Because of what the State considered delaying tactics, it twice moved, in November 1989 and January 1990, to compel answers to interrogatories that had been served in October. Following the second motion to compel a court order was entered granting this relief, and answers were served by February 15, 1990. Contending that these answers were not complete, the State brought another motion to compel. A commissioner of the court held that the answers were not full and complete and reserved the State's request for terms for determination by the trial court.

At the State's request, the court ordered a bifurcation of the proceedings. The paternity issue was tried on March 22, 1990. After the trial, the court entered findings, conclusions, and an order determining John Weston to be TAW's father.

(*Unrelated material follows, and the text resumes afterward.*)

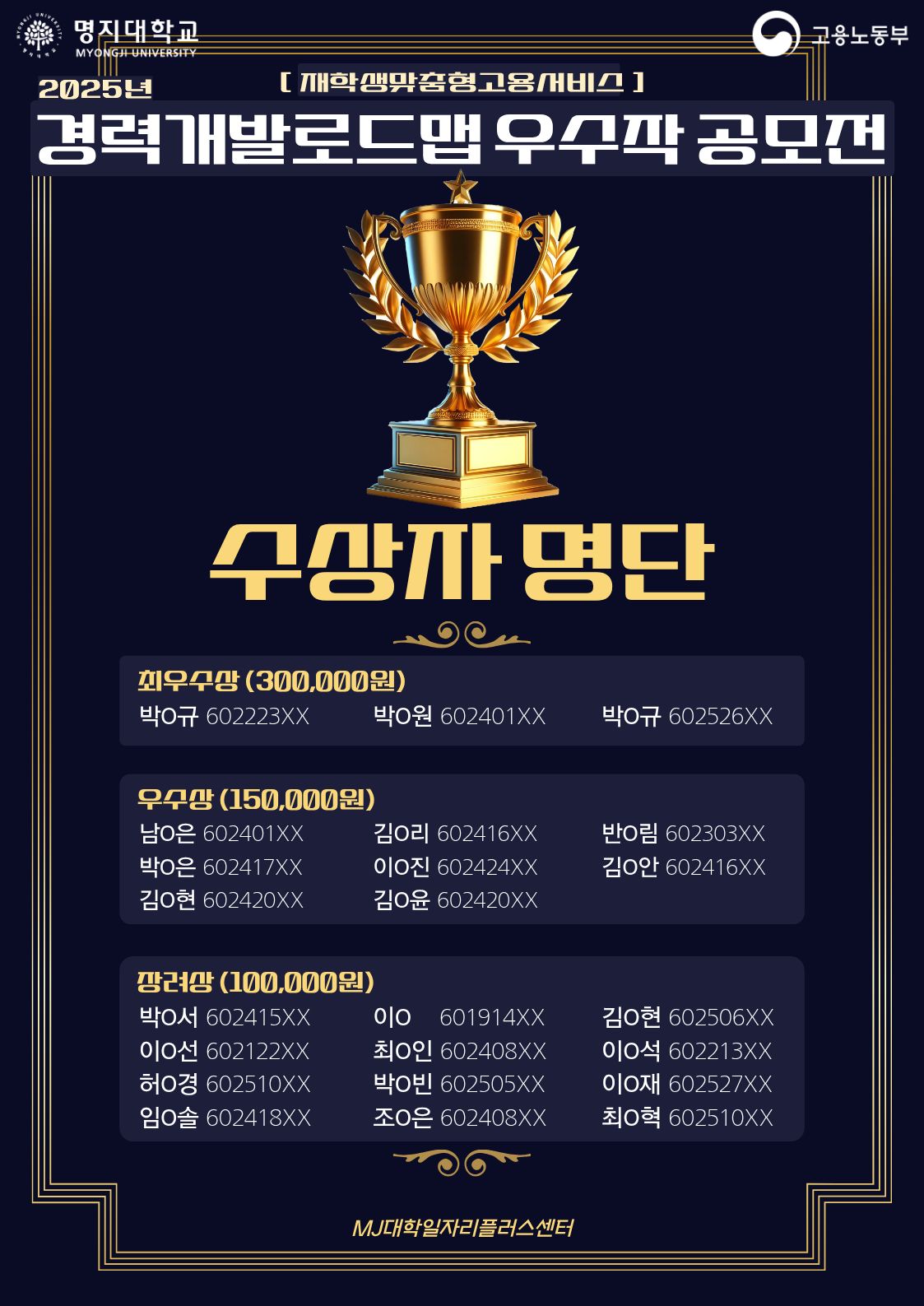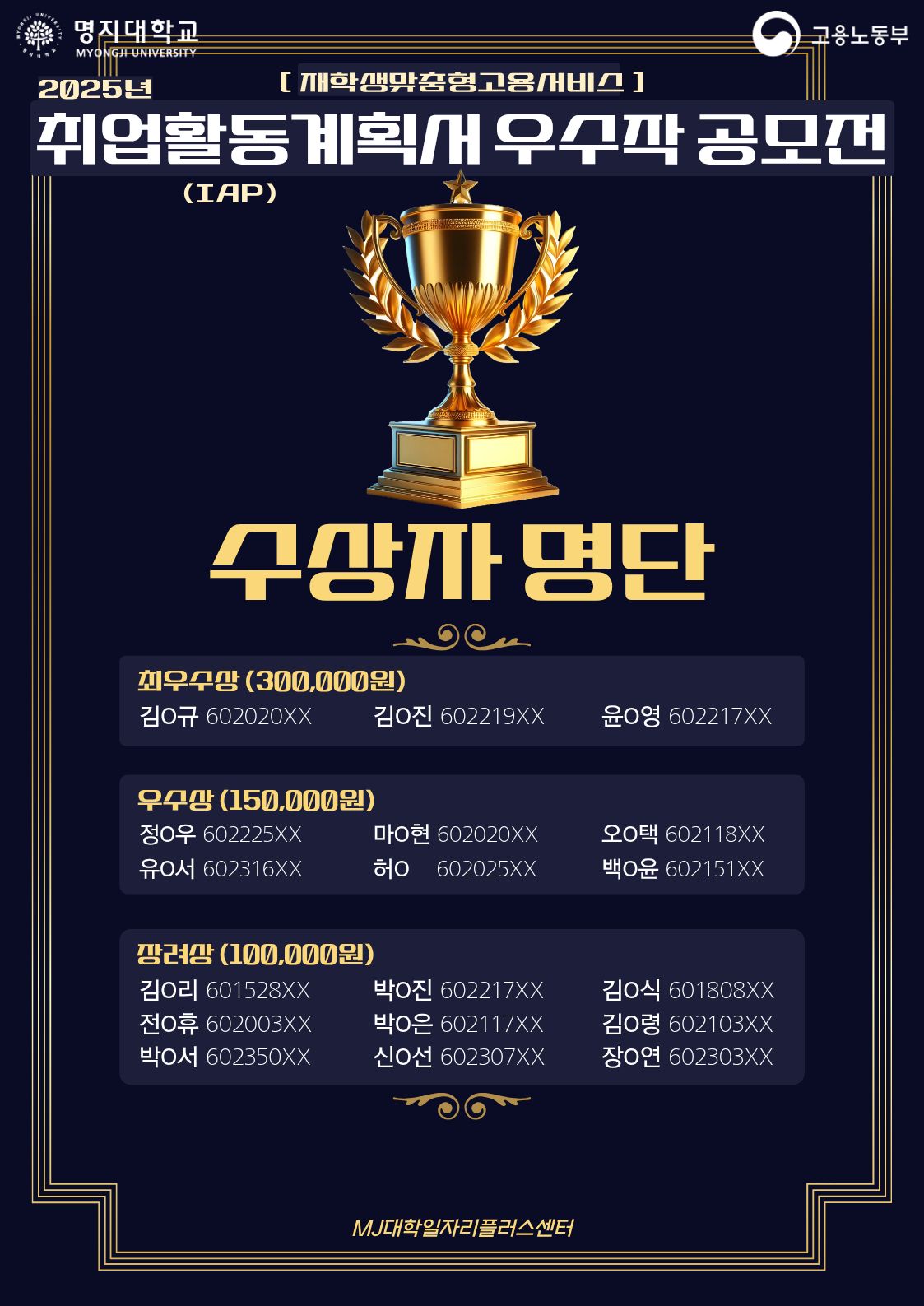 [재맞고] 2025학년도 경력개발로드맵/취업활동계획서(IAP) 우수작 공모전 수상자 안내

The trial for the issues of child support and a parenting plan was scheduled for July 25, 1990. Following the paternity determination the State sought and obtained an order *143 that appellant pay $862 per month for temporary child support.

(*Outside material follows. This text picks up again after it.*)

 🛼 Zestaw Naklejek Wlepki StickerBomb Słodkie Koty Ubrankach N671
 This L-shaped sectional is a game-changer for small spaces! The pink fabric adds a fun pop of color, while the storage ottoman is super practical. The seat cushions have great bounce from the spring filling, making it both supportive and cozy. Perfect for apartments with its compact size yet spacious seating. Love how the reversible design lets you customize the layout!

On May 30, 1990, the State filed an amended petition which requested reimbursement for attorney fees expended by the State pursuant to RCW 26.26.140. In its memorandum in support of the request for an award of attorney fees, filed on June 18, 1990, the State supplied an affidavit by Deputy Prosecuting Attorney Patricia Brady which listed services performed, the dates on which they were performed, and a total for all services performed of 96 hours. The State also suggested $100 per hour as a reasonable rate for attorney fees based on an affidavit of an established family lawyer in Snohomish County. Appellant objected to the request, claiming that there was no statutory authority for the award of attorney fees, that the relative incomes of the parents must be determined, that the list of services performed included services which were not related to the establishment of paternity and that it would be impossible to determine attorney fees for State attorneys.

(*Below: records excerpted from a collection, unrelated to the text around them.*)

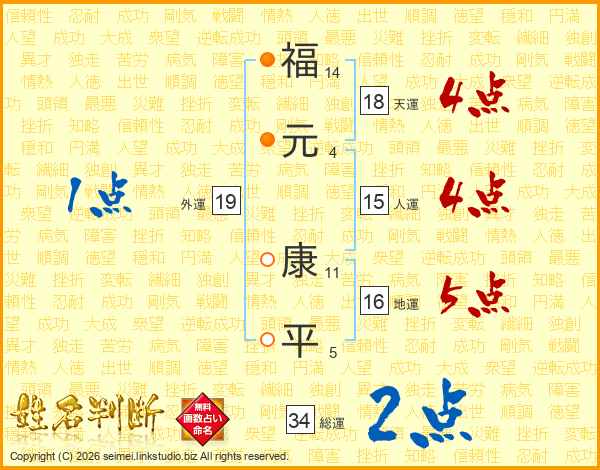 福(14画)元(4画) 康(11画)平(5画)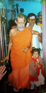 ಮಳೇ ನಿಂತೂ ಹೋದ ಮೇಲೂ ಮರದಡಿಯಲ್ಲಿ ಹನಿ ಬೀಳುವಂತೆ ನಮ್ಮ ತಂದೆಯವರ ಬುಸು ಬುಸು ಗುಟ್ಟುವಿಕೆ ಸ್ವಲ್ಪ ಕಾಲ ಇದ್ದು ನಂತರ ತಣ್ಣಗಾಗಿ ಮಾರನೇ ದಿನ ಯಥಾ ಪ್ರಕಾರ ಕಾರ್ಖಾನೆಗೆ ಹೋಗಿ ಸಂಜೆ ಮನೆಗೆ ಬಂದು ಸ್ವಾಮೀಜಿಗಳ ಬರುವಿಕೆಗೆ ಸಿದ್ದತೆ ಮಾಡಿಕೊಳ್ಳುತ್ತಿದ್ದಾಗಲೇ ಮನೆಯ ಮುಂದೆ ಕಾರ್ ನಿಂತ ಶಬ್ಧವಾಯಿತು. ಅರೇ ಈ ಸಮಯದಲ್ಲಿ ಯಾರಪ್ಪಾ ಬಂದಿದ್ದು ಎಂದು ನೋಡ ನೋಡುತ್ತಿದ್ದಂತೆಯೇ ಪೇಜಾವರ ಶ್ರೀಗಳು ಕಾರಿನಿಂದ ಇಳಿದು ನಮ್ಮ ಮನೆಯ ಗೇಟ್ ಮುಂದೆ ನಿಂತಿದ್ದನ್ನೂ ನೋಡಿದಾಕ್ಷಣ ನಮ್ಮ ತಂದೆಯವರ ಜಂಘಾಬಲವೇ ಇಳಿದು ಹೋಗಿತ್ತು ಎನ್ನುವುದನ್ನು ವಿವರಿಸಬೇಕಿಲ್ಲ. ಯಾವುದೇ ಪೂರ್ವನಿರ್ಧಾರಿತವಾಗಿರದೇ ಸ್ವಾಮಿಗಳು ಇದ್ದಕ್ಕಿಂದ್ದಂತೆಯೇ ನಿಗಧಿತ ಮನೆಯವರ ಮನೆಗೆ ಹೋಗುವ ಮುಂಚೆಯೇ ನಮ್ಮ ಮನೆಗೆ ಬಂದಿದ್ದ ಕಾರಣ ನಾವೆಲ್ಲರೂ ಒಂದು ಕ್ಷಣ ದಿಗ್ರಾಂಭತರಾಗಿದ್ದಂತೂ ಸತ್ಯ. ಎಲ್ಲವನ್ನೂ ಸಾವರಿಸಿಕೊಂಡು ಕೂಡಲೇ ಮನೆಯೊಳಗೆ ಕರೆದುಕೊಂಡು ಅವರಿಗೆ ಯಥಾಶಕ್ತಿ ಸತ್ಕರಿಸಿ ಕಾಣಿಕೆಯನ್ನು ನೀಡಿ ಧನ್ಯತಾಭಾವವನ್ನು ಅರ್ಪಿಸಿದ್ದೆವು. ಶ್ರೀಗಳೂ ಸಹಾ ತುಂಬು ಹೃದಯದಿಂದ ನಮ್ಮೆಲ್ಲರನ್ನೂ ಅಶೀರ್ವದಿಸಿ, ಶೀಘ್ರಮೇವ ಕಲ್ಯಾಣ ಪ್ರಾಪ್ತಿರಸ್ತು ಎಂದು ನನಗೆ ಆಶೀರ್ವದಿಸಿದ್ದಲ್ಲದೇ ಅಲ್ಲಿಯೇ ಇದ್ದ ನನ್ನ ತಂಗಿಯ ಮಗಳಿಗೆ ತಮ್ಮ ಕೈಯ್ಯಾರೆ ಫಲಮಂತ್ರಾಕ್ಷತೆ ನೀಡಿ ಆಶೀರ್ವದಿಸಿದರು. ಏನನ್ನೂ ಅರಿಯದ ಆ ಪುಟ್ಟ ಕಂದ ಕೂಡಲೇ ಬಾಳೇಹಣ್ಣನ್ನು ಸುಲಿದು ಸ್ವಾಮಿಗಳ ಮುಂದೆಯೇ ತಿನ್ನುತ್ತಿರುವುದನ್ನು ಈ ಚಿತ್ರದಲ್ಲಿ ಕಾಣಬಹುದಾಗಿದೆ.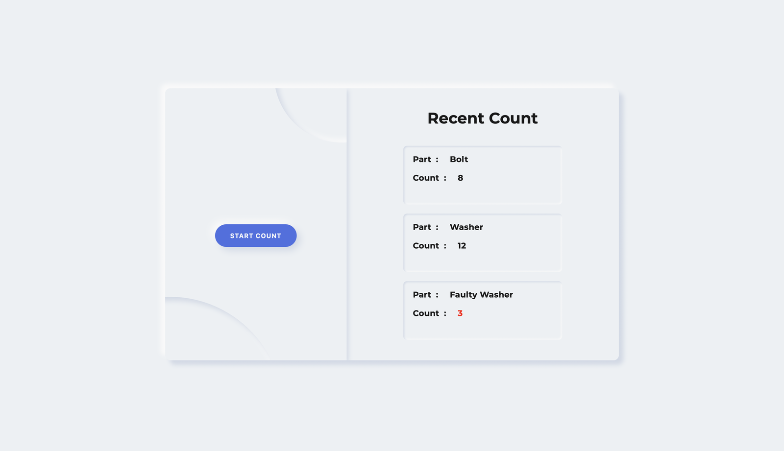 A webpage is created using HTML, CSS and JS to display the count in realtime. The data updated in Firebase is reflected in the webpage in realtime. The webpage displays Recent Count when the counting process is halted, and displays Current Count whenever the counting process is going on.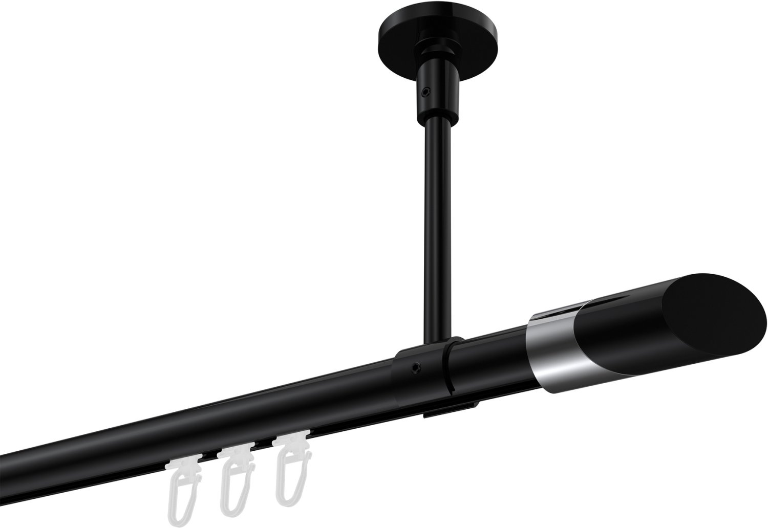 Gardinenstangen mit Innenlauf aus Aluminium / Metall in 20 mm Ø, 1-läufig, Modell SONETTE - Verano Schwarz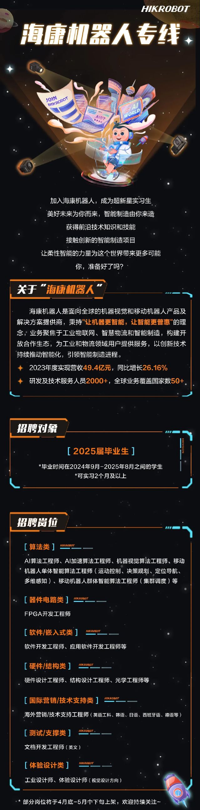 加入海康机器人2025届「超新星实习生」,解锁闪闪发光实习之旅!

On August 28, 1990, the trial court entered its order and judgment on attorney fees, awarding the State the $9,600 originally requested in its motion for attorney fees. (The State had subsequently requested an additional award of fees for anticipated future litigation expenses.)

In the findings entered with the order and judgment, the trial court found that the rate of $100 per hour suggested by the State was reasonable, that the appellant had vigorously contested all of the issues, that Ms. Dallman's economic circumstances were not relevant to the award, and that it was appropriate to make an award of all fees through April 1990, without respect to an apportionment of the work done. This appeal followed.

Discussion

Appellant challenges the trial court's award of fees, claiming that there is no statutory authorization for an award of attorney fees to the State, that the court erred in making the award without considering the financial *144 resources of the mother, that the court erred in making an award for time spent on nonpaternity issues, and that the court failed to base the award on adequate information regarding the work done and the value of the work. We consider each of these contentions in turn.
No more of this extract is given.